When you reach the line containing "Maintenance is simple" in the records below, start copying exactly, and stop once you have copied the line containing "Parkbank aus Kunststoff, mit".

** RECORD EXCERPTS **
[Start of section]
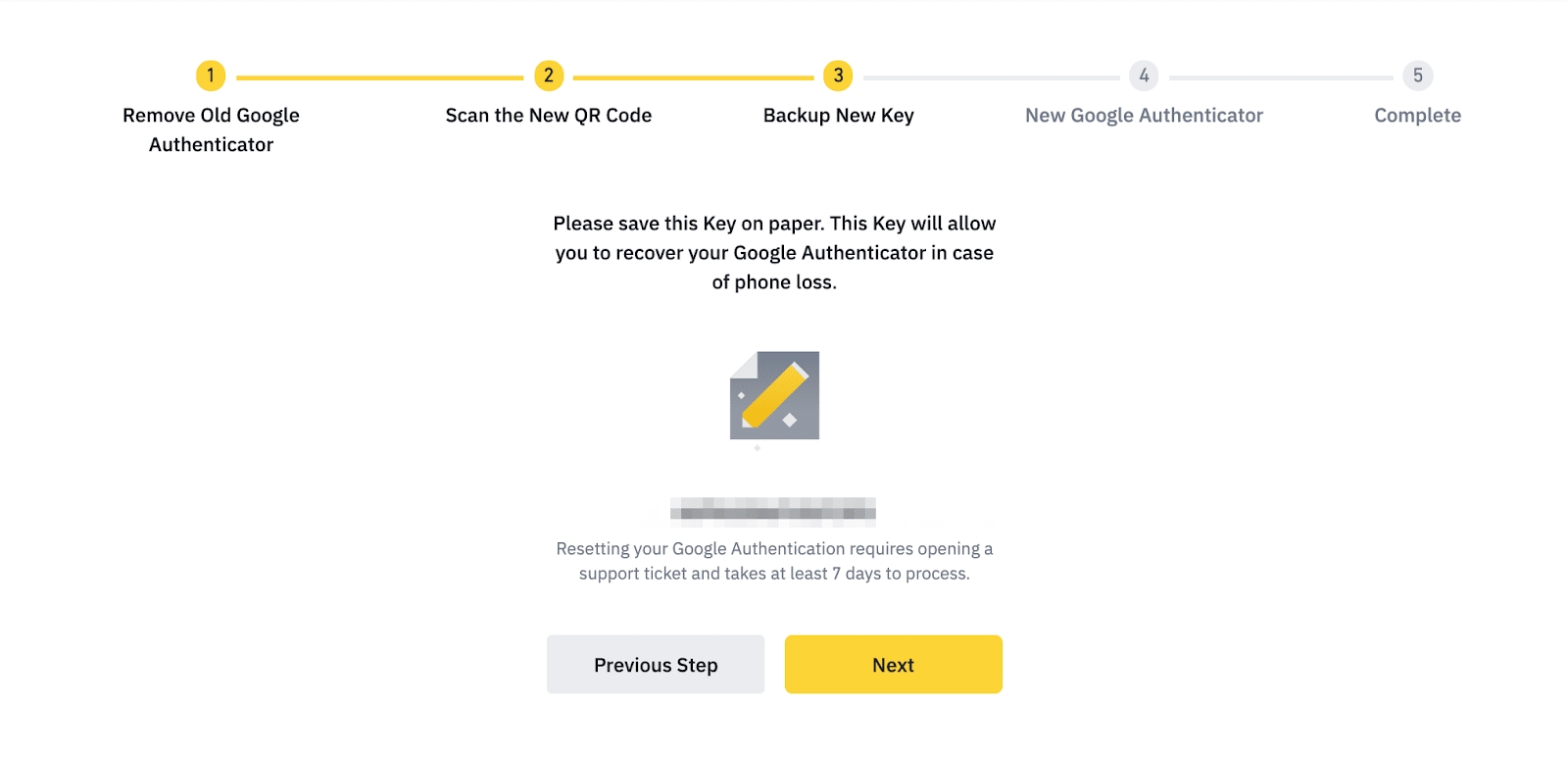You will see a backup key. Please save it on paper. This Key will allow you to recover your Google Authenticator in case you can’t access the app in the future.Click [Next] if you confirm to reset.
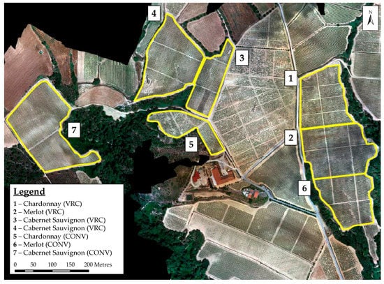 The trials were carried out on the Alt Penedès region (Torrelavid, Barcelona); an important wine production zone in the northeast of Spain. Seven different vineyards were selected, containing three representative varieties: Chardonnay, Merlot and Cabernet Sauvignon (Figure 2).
[End of section]
[Start of section]
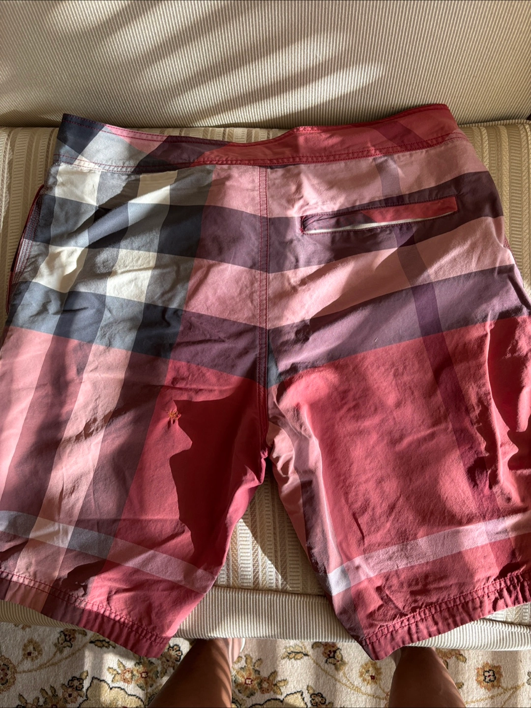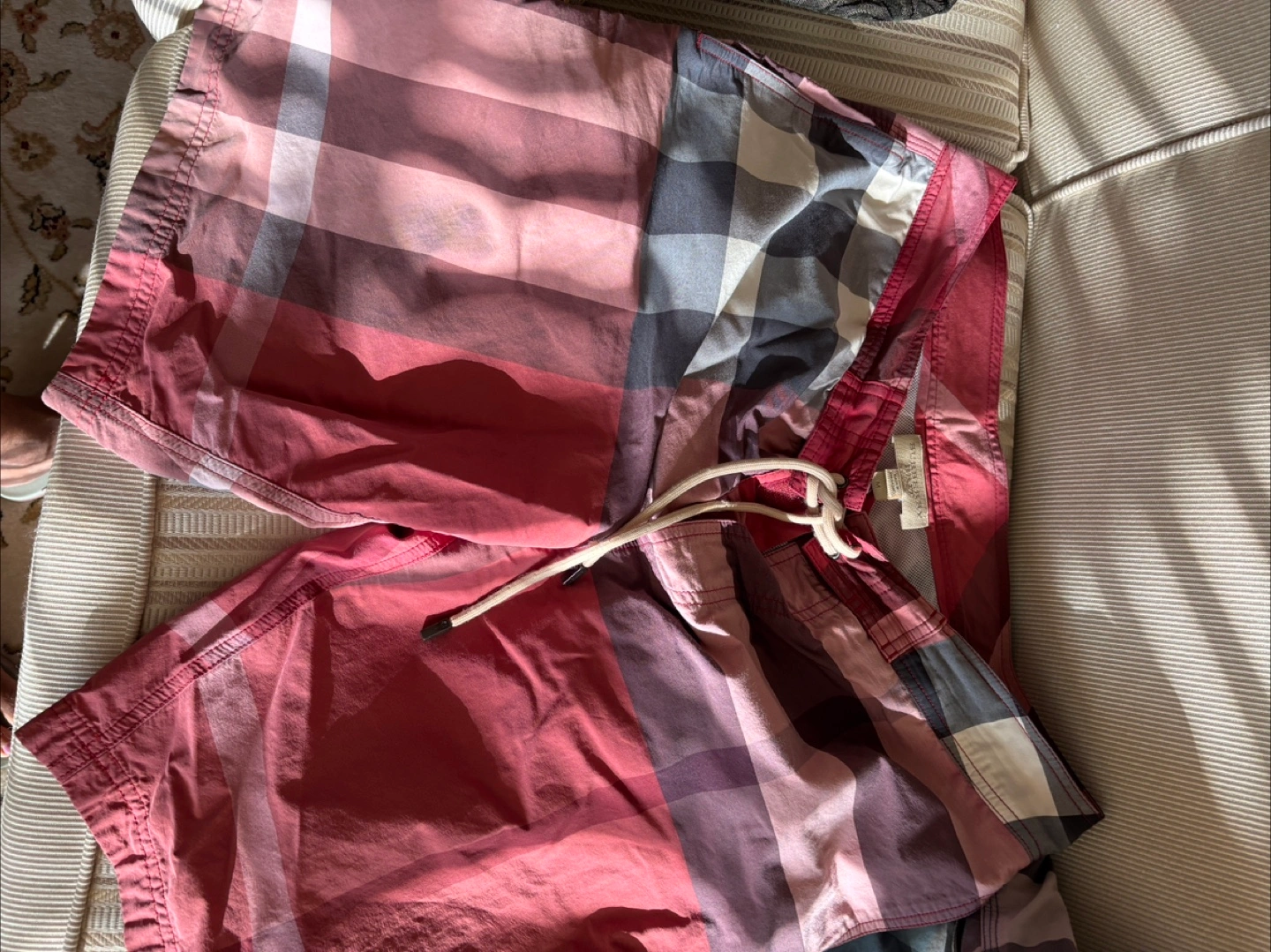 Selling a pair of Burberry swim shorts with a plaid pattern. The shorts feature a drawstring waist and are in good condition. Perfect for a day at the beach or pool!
[End of section]
[Start of section]
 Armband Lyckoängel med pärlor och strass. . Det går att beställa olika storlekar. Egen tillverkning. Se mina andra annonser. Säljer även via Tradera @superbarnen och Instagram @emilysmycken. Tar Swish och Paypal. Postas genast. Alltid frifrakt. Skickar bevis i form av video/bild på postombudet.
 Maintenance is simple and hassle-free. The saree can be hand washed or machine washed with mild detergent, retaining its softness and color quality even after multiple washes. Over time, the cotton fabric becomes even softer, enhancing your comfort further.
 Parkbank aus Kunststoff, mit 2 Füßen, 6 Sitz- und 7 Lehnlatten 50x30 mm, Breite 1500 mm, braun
[End of section]
** RESPONSE BELOW **
 Maintenance is simple and hassle-free. The saree can be hand washed or machine washed with mild detergent, retaining its softness and color quality even after multiple washes. Over time, the cotton fabric becomes even softer, enhancing your comfort further.
 Parkbank aus Kunststoff, mit 2 Füßen, 6 Sitz- und 7 Lehnlatten 50x30 mm, Breite 1500 mm, braun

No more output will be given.